> _Exercise objective_
In your copy, include no images, and write out every entry below exactly as it stands.

(Stored data entries)

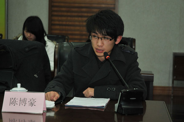 曾在去年熱心幫助中風(fēng)老人的我校現(xiàn)代科技學(xué)院大三學(xué)生陳博豪是座談會(huì)上唯一的一名大學(xué)生代表。“學(xué)雷鋒不能‘臨時(shí)抱佛腳’,也不能‘三月里來四月走’,我們應(yīng)該在學(xué)雷鋒活動(dòng)中,重新定義快樂、幸福、正義的涵義。金錢不一定能帶來幸福,真正能使人幸福的是德行。修身養(yǎng)性,做好自己,挺立起內(nèi)心的風(fēng)骨,以真誠(chéng)待人,才是最樸素的起點(diǎn)。”他誠(chéng)摯的發(fā)言獲得了全場(chǎng)的掌聲。
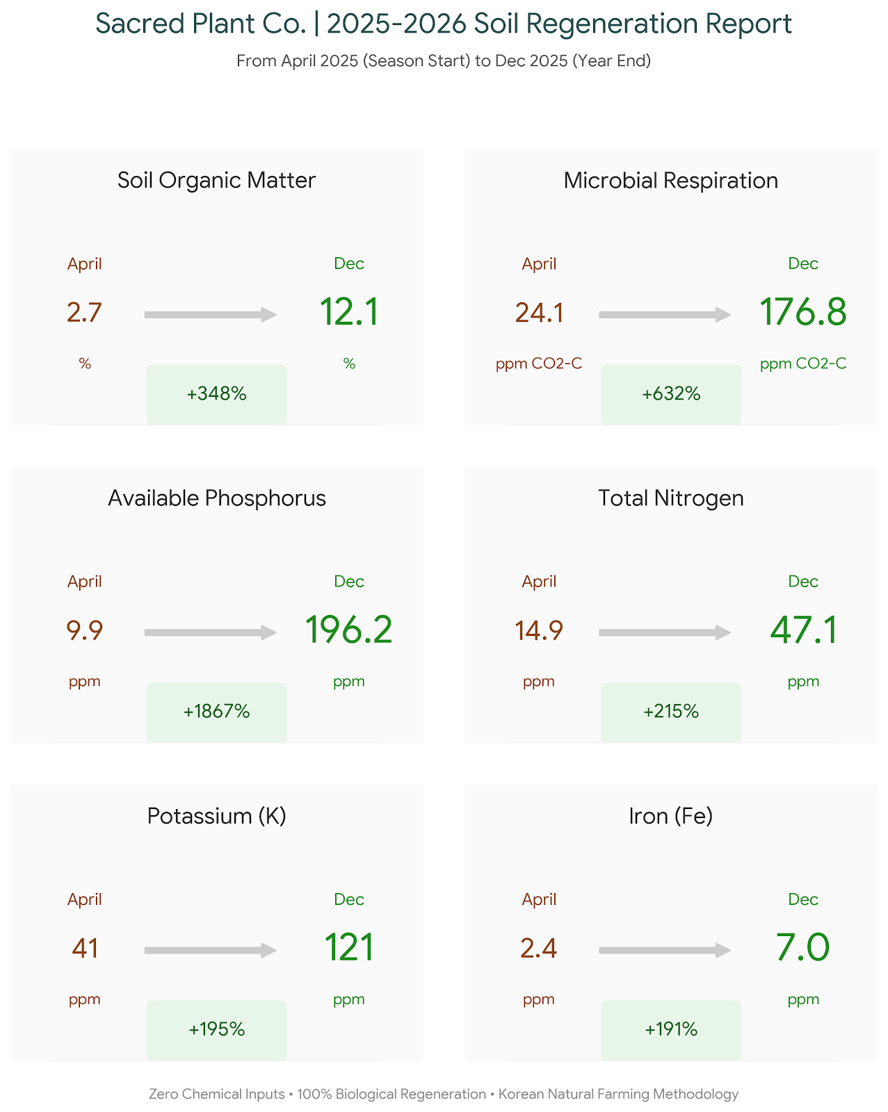 Most organic farms feed the plant. We feed the soil. The Haney Test results confirm: Sacred Plant Co has achieved a 400% increase in biological life in a single season.
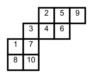 同理,若满足同一列中的数字严格递增,且同一行中的数字单调递增,则该斜杨表被称作 半标准斜杨表;若半标准斜杨表满足各方格不重复的填入数字
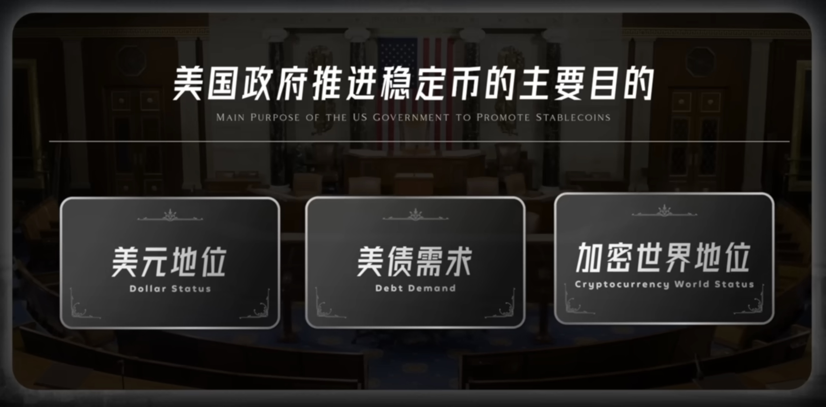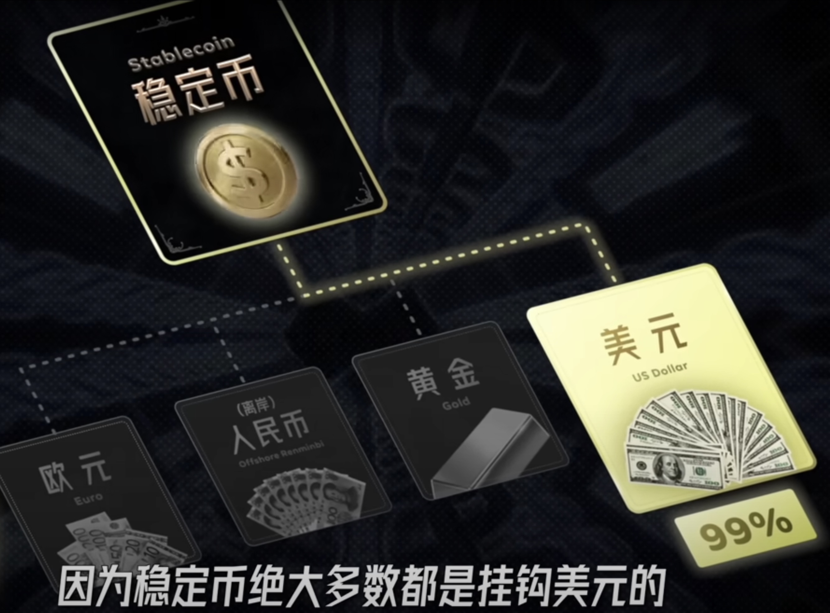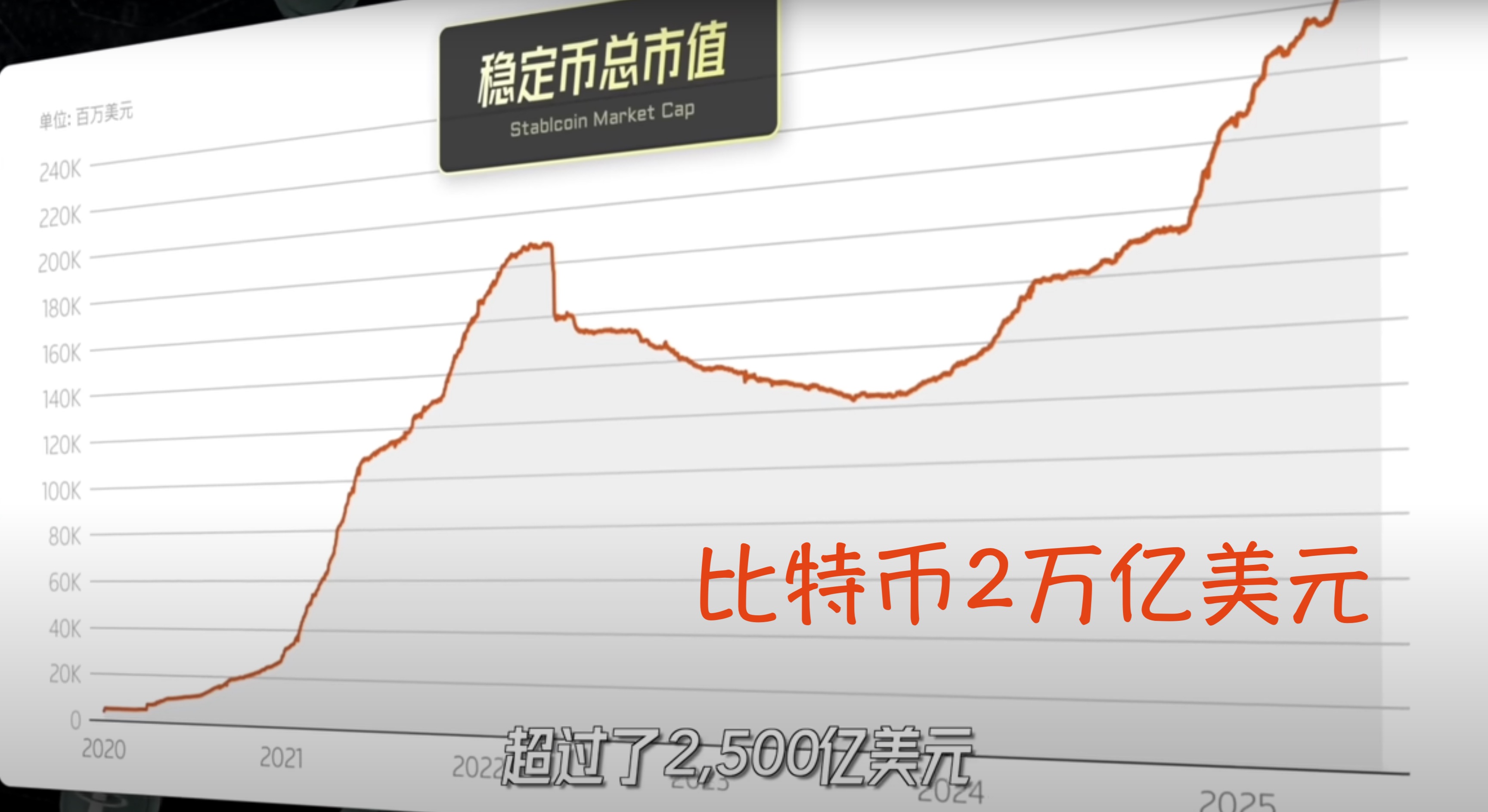 这些图表提供了关于稳定币市场的全面概览,展示了稳定币市值的显著增长,尤其是在2020年至2025年期间。资料强调,美元在稳定币中占据主导地位,99%的稳定币与美元挂钩,但同时也提到了与欧元、离岸人民币和黄金挂钩的稳定币。此外,它探讨了美国政府推广稳定币的主要原因,包括维持美元地位、满足美债需求和提升加密货币世界地位,并列出了获得合规核心牌照的主要司法管辖区,如美国、巴哈马、迪拜、澳大利亚、欧盟和新加坡。图表还展示了稳定币发行公司如何通过投资短期和长期国债来运作,并概述了香港稳定币沙盒计划的参与者,包括京东链、圆币创新以及渣打银行等,并最终讨论了稳定币对银行的潜在影响,包括利润损失和经济联系的降低。
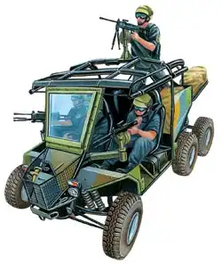Ударный багги FLYER R-12 сингапурского производства, применяется в США. Масса — 2,47 т, экипаж — 3 человека, двигатель — дизельный, 81 л. с., скорость — до 110 км/ч, запас хода — 500 км
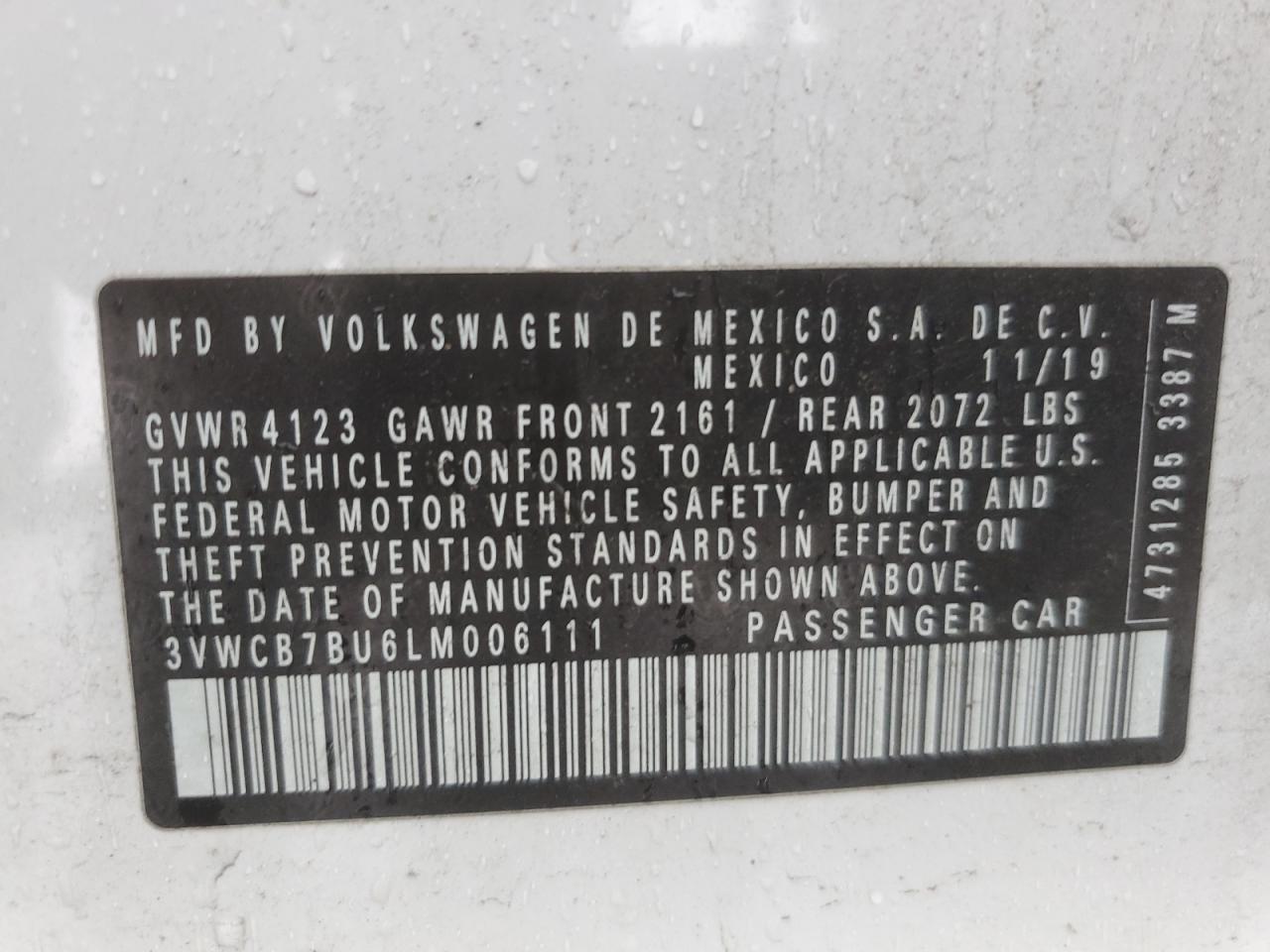 2020 VOLKSWAGEN JETTA 2020 року Бензин, 1.4, , vin - 3VWCB7BU6LM006111 из США
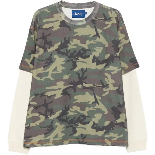 Футболка с камуфляжным принтом и двойными рукавами

> _Output for this exercise_
 曾在去年熱心幫助中風(fēng)老人的我校現(xiàn)代科技學(xué)院大三學(xué)生陳博豪是座談會(huì)上唯一的一名大學(xué)生代表。“學(xué)雷鋒不能‘臨時(shí)抱佛腳’,也不能‘三月里來四月走’,我們應(yīng)該在學(xué)雷鋒活動(dòng)中,重新定義快樂、幸福、正義的涵義。金錢不一定能帶來幸福,真正能使人幸福的是德行。修身養(yǎng)性,做好自己,挺立起內(nèi)心的風(fēng)骨,以真誠(chéng)待人,才是最樸素的起點(diǎn)。”他誠(chéng)摯的發(fā)言獲得了全場(chǎng)的掌聲。
 Most organic farms feed the plant. We feed the soil. The Haney Test results confirm: Sacred Plant Co has achieved a 400% increase in biological life in a single season.
 同理,若满足同一列中的数字严格递增,且同一行中的数字单调递增,则该斜杨表被称作 半标准斜杨表;若半标准斜杨表满足各方格不重复的填入数字
 这些图表提供了关于稳定币市场的全面概览,展示了稳定币市值的显著增长,尤其是在2020年至2025年期间。资料强调,美元在稳定币中占据主导地位,99%的稳定币与美元挂钩,但同时也提到了与欧元、离岸人民币和黄金挂钩的稳定币。此外,它探讨了美国政府推广稳定币的主要原因,包括维持美元地位、满足美债需求和提升加密货币世界地位,并列出了获得合规核心牌照的主要司法管辖区,如美国、巴哈马、迪拜、澳大利亚、欧盟和新加坡。图表还展示了稳定币发行公司如何通过投资短期和长期国债来运作,并概述了香港稳定币沙盒计划的参与者,包括京东链、圆币创新以及渣打银行等,并最终讨论了稳定币对银行的潜在影响,包括利润损失和经济联系的降低。
Ударный багги FLYER R-12 сингапурского производства, применяется в США. Масса — 2,47 т, экипаж — 3 человека, двигатель — дизельный, 81 л. с., скорость — до 110 км/ч, запас хода — 500 км
 2020 VOLKSWAGEN JETTA 2020 року Бензин, 1.4, , vin - 3VWCB7BU6LM006111 из США
 Футболка с камуфляжным принтом и двойными рукавами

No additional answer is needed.